What Is Project Valhalla?
Project Valhalla is an OpenJDK project started in 2014 and headed by Brian Goetz with the purpose of introducing value-based optimizations to Java Development Kit (JDK) 10 or a future Java release. The project is primarily focused on allowing developers to create and utilize value types, or non-reference values that act as though they are primitives. In the words of Goetz:
Codes like a class, works like an int
The major benefit of value types over reference types (objects) is the removal of reference type overhead, both in memory as well as in computation. For example, although the actual size and overhead associated with an object is specific to a Java Virtual Machine (JVM) implementation (see section 2.7 of the JDK 9 Specification), all JVMs include bytes to store information about the object, including polymorphism information, identification information, synchronization information, and garbage collection metadata (such as reference counters). Additionally, when the object associated with a reference type must be accessed, the reference must be dereferenced, imparting a level of indirection. In some cases, this overhead is superfluous, as the benefits of the object (such as polymorphism, identification, or synchronization) are not needed.
Although value types deviate from objects in some important characteristics–which we will see shortly–they maintain a level of abstraction that is akin to classes. For example, value types may still have methods and fields, both with visibility modifiers that facilitate encapsulation. One of the major differences, though, in the current Java release (JDK 9 at the time of writing) is the inability of value types (such as primitives) to be used as generic type arguments; i.e. List<int>
is not a valid type in the current release of Java.
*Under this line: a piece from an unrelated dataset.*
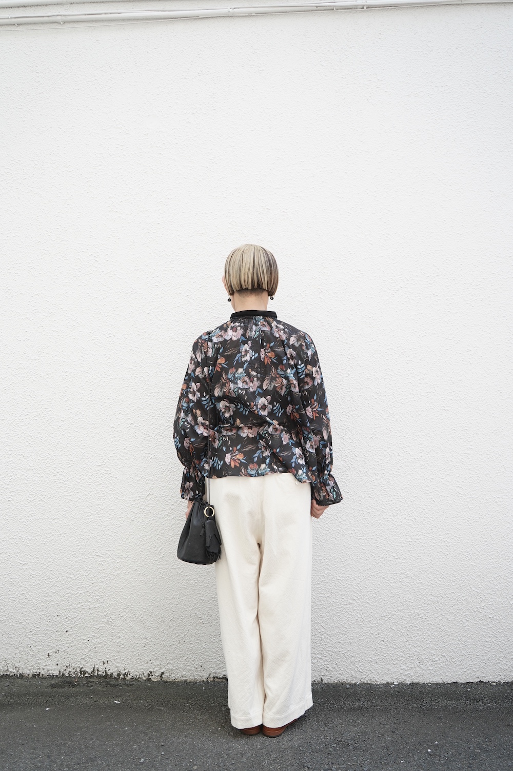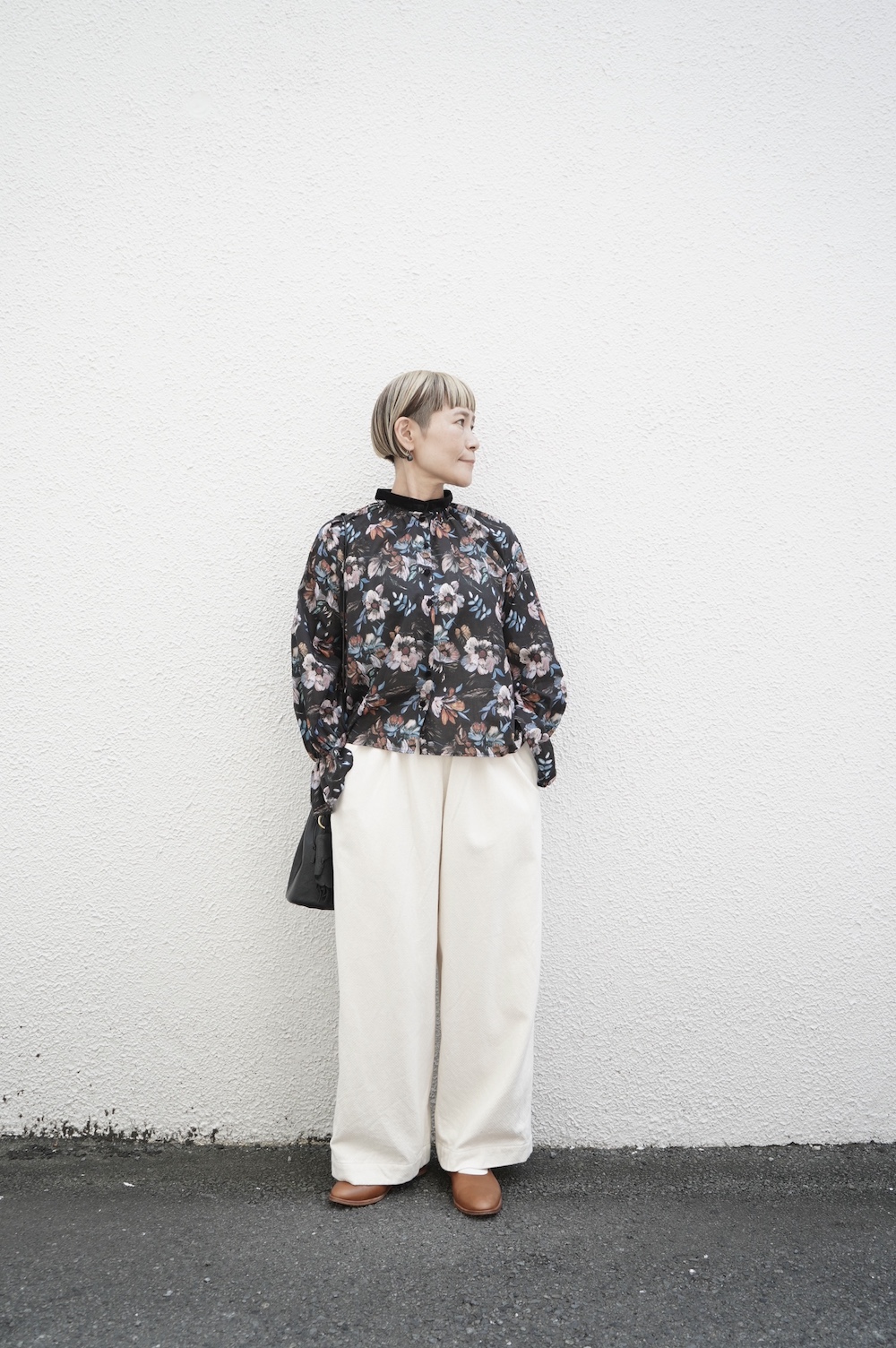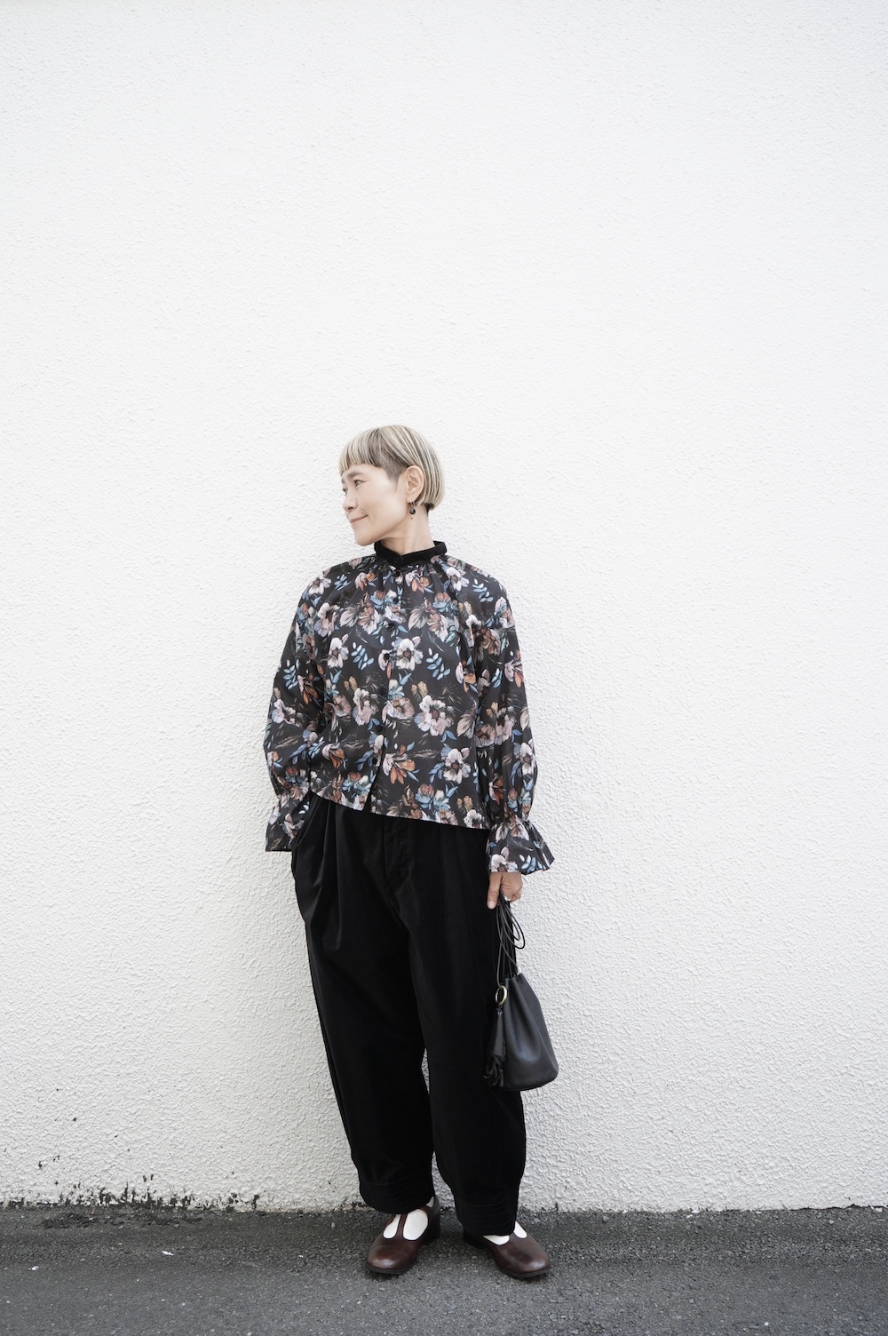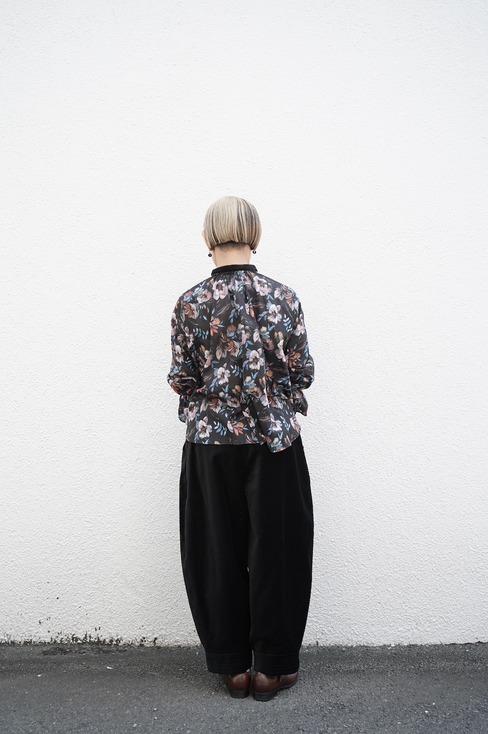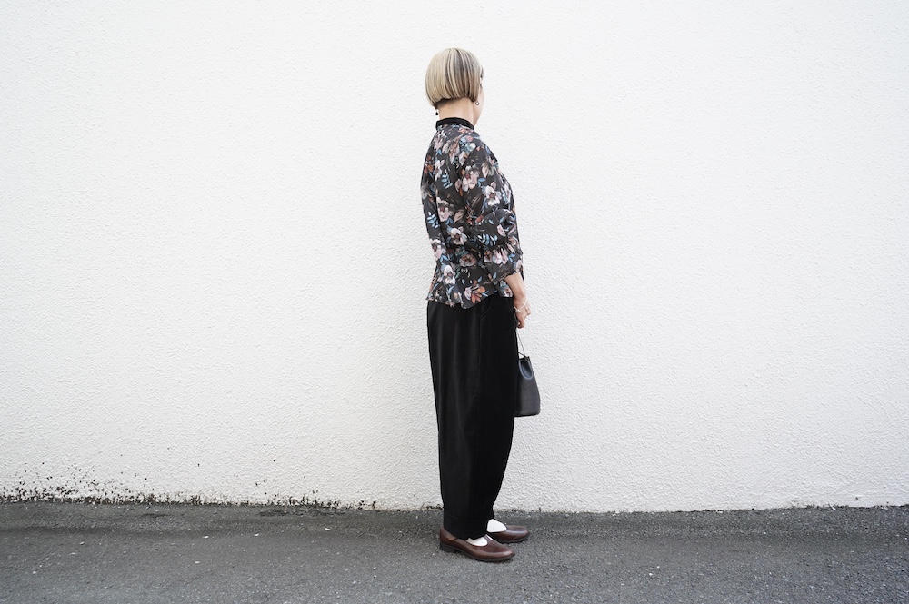 デザインはシンプルなバンドカラーに、1本のゴムシャーリングで印象付けるデザインがとても特徴的です。バンドカラー部分と、フロントの包みボタンはコットンのベルベット生地を使用しており、秋冬らしいシックな印象に。袖口にゴムを入れたフレアなデザインは袖を捲ることで違った表情を生み、着る楽しさが増してきます。一枚で季節感のあるシックなスタイリングになる素敵なブラウスです。
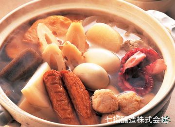 (3)を煮汁ごと取り分けて、お好みで溶き辛子をつけて頂きます。

Although primitive types such as int
can be autoboxed to reference types (such as Integer
) this has a major drawback: It reintroduces the overhead of objects. While this has been an obstacle in Java generics since their introduction in JDK 5, it has become much more prevalent in Project Valhalla, as developers will be allowed to create new value types. In order to solve this issue, Valhalla has also been tasked with providing a mechanism for allowing value types to be supplied as valid generic arguments, while still maintaining the current type-erased generic semantics of Java. The solution currently reached by the team is to utilize generic specialization, which we will delve into after a more detailed look into value types.
What Are Value Types?
Value types are groups of data whose immediate value is stored in memory, rather than a reference (or pointer) to the data. Value types can, therefore, be thought of as consuming only enough memory to store the aggregate of the data contained in its field with no additional overhead. Conceptually, primitives are a relatable example of value types where an int only consumes 32 bits with no additional bytes to store metadata.
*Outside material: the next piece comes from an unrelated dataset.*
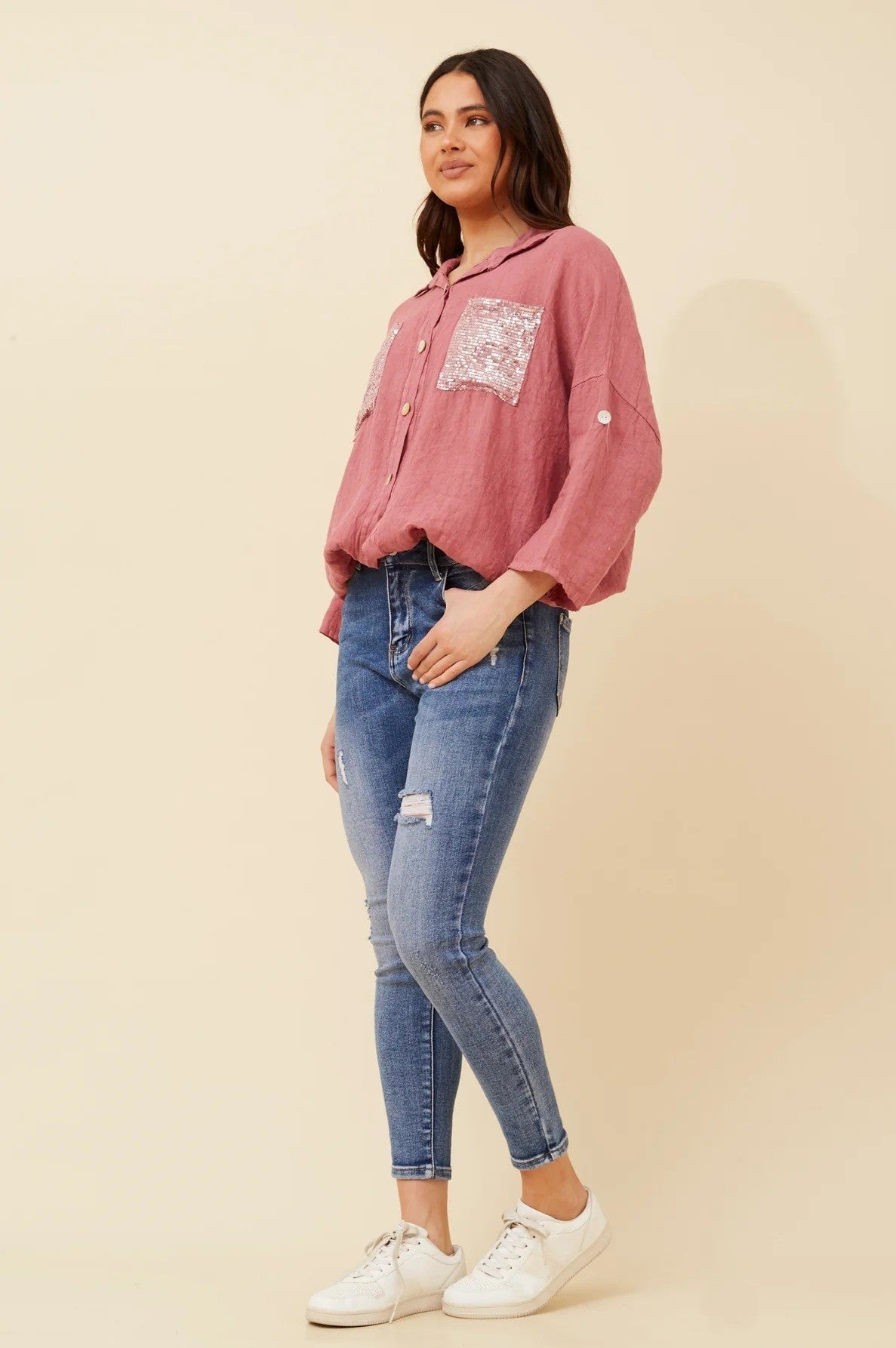 Produced in Italy, this versatile top pairs the breathability of linen with the brilliance of sequins - keeping you cool, comfortable and dazzling all summer long.
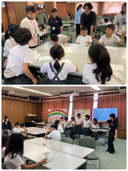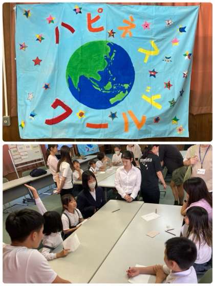 外国につながりを持つ児童生徒が、自分のルーツに対して自信と誇りを持てるような取り組みをを行っていく「ハピネスワールド」の今年度1回目の活動がありました。今回は、自己紹介カードを作って、お互いにクイズを出し合いました。

Taking data and directly placing its value into memory (rather than a reference) is called flattening and its benefits are more acutely demonstrated with arrays. In the case of an array of objects, each element in the array stores a reference to the object associated with that element, requiring that a dereference to be performed before accessing the object. In an array of value types, the values are directly placed into the array and are guaranteed to be in contiguous memory (which increases locality and, consequently, the chance of cache hits). This idea is illustrated in the figure below:
The use of value types over reference types has some major benefits, including:
- Reduced memory usage: No additional memory is used to store object metadata, such as flags facilitating synchronization, identity, and garbage collection. For a small object such as
Integer
, the overhead for an object (such as a boxedInteger
object) can match or even surpass the size of the data itself (a primitive int requires 32 bits in Java). - Reduced indirection: Since objects are stored as reference types in Java, each time an object is accessed it must first be dereferenced, causing additional instructions to be executed. The flattened data associated with value types are immediately present in the location in which they are needed and therefore, require no dereferencing.
- Increased locality: Flattened value objects remove indirection which increases the likelihood that values are adjacently stored in memory–especially for arrays or other contiguous memory structures such as classes (i.e. if a class contains value type fields).
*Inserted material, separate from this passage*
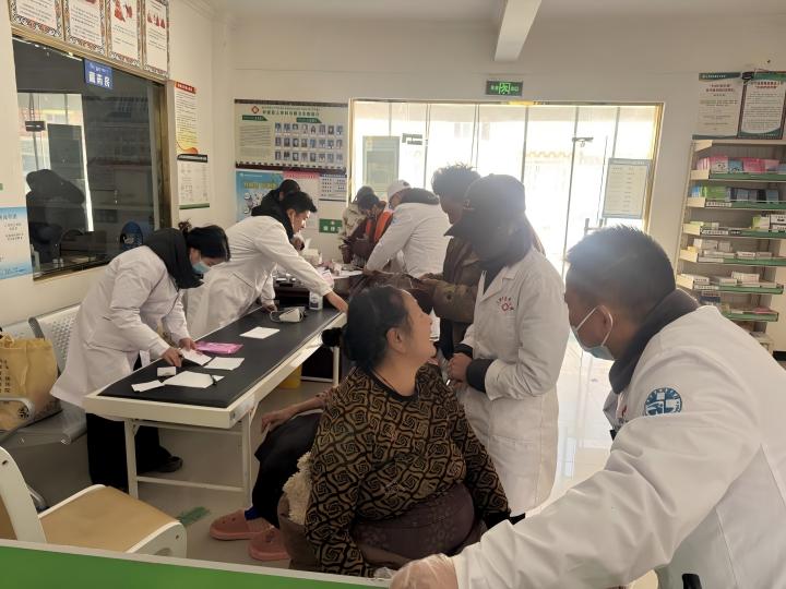 “活动当天清晨,中医馆大厅已排起长队,不少群众带着既往病历、检查报告早早等候。义诊现场,专家团队不仅提供一对一问诊、体格检查、病情诊断等服务,还免费提供血尿酸快速筛查、血糖、血压检测、关节压痛评估等项目,针对符合适应症的患者,专家团队免费开展了原价1576元/部位的“经筋刀+臭氧”特色治疗和原价32元/部位的“中药贴敷”治疗。县民族医院安排工作人员全程陪同就诊群众,协助完成挂号、检查、取药等流程,为语言沟通不畅的少数民族群众提供现场翻译服务,让暖心服务贯穿诊疗全过程。

One of the major differences between reference types and value types is the corresponding definition of identity:
The identity of a reference type is intrinsically bound to the object while the identity of a value type is bound to its current state
For example, a date can be thought of as a value type, where one value instance that resolves to January 1, 2018, is equal to another value instance that resolves to January 1, 2018, regardless of the fact that the two instances are not the same (i.e. do not occupy the same location in memory). Informally, so long as the data of one instance matches field-for-field with the data of another instance, the two instances are interchangeable (i.e. they can be identified as the same value). In practice, dates are commonly stored as units of time (such as milliseconds) since some epoch. Thus, if two date value types have the same number of milliseconds since the same epoch, they are equal.
Although value types have many important benefits, they also have many difficulties, especially within the existing Java language. One of the overarching concerns through each iteration of JDK releases is backward compatibility, primarily compatibility of existing binary bytecode representations. In practice, this means additions to Java are prohibited from altering the existing functionality of bytecode operations or semantics. Although it is tempting to try and fit value types into the primitive value model currently employed by Java, there are some major deficiencies that hamstring this effort, including:
- Primitives do not currently support qualified method calls or field access (i.e. use of the dot operator)
- No literals exist for user-defined value types
- Built-in operators (such as
+
) are not supported by all value types - It is difficult to define default values for all user-defined types
In addition to these shortcomings in the existing primitive model, there are also other concerns that must be addressed for user-defined value types, include:
- Can value types implement an interface?
- Can one value subclass another?
- Do value types implicitly subclass a base class, such as all objects do with the
Object
class? (Note: value types cannot simply implicitly inherit fromObject
, since the usage ofObject
instances assumes that the instance is a reference type) - Can a value type be treated as an
Object
when necessary (i.e. autoboxed)?
Although all of these questions–and more–are answered in the State of the Values article, they make clear that the existing Java bytecode operations and descriptors must be expanded to allow for proper value types. At the moment, the plan for this expansion is to create a new bytecode descriptor category, V
, analogous to the existing Q
type descriptor used for classes. For example, bytecode would denote a value type, Point
, as QPoint
, where a reference type named Point
would be called LPoint
.
While there is still a great deal of work to be completed before value types are ready for introduction into the next JDK release, major steps have been taken to experiment with an initial implementation. The Minimal Value Types article goes into great detail on this initial exploratory implementation and although this first cut includes many approximations of the eventual implementation (such as the use of an annotation to denote a value type rather than an express keyword for this purpose), it provides a promising path for the eventual inclusion of value types into Java.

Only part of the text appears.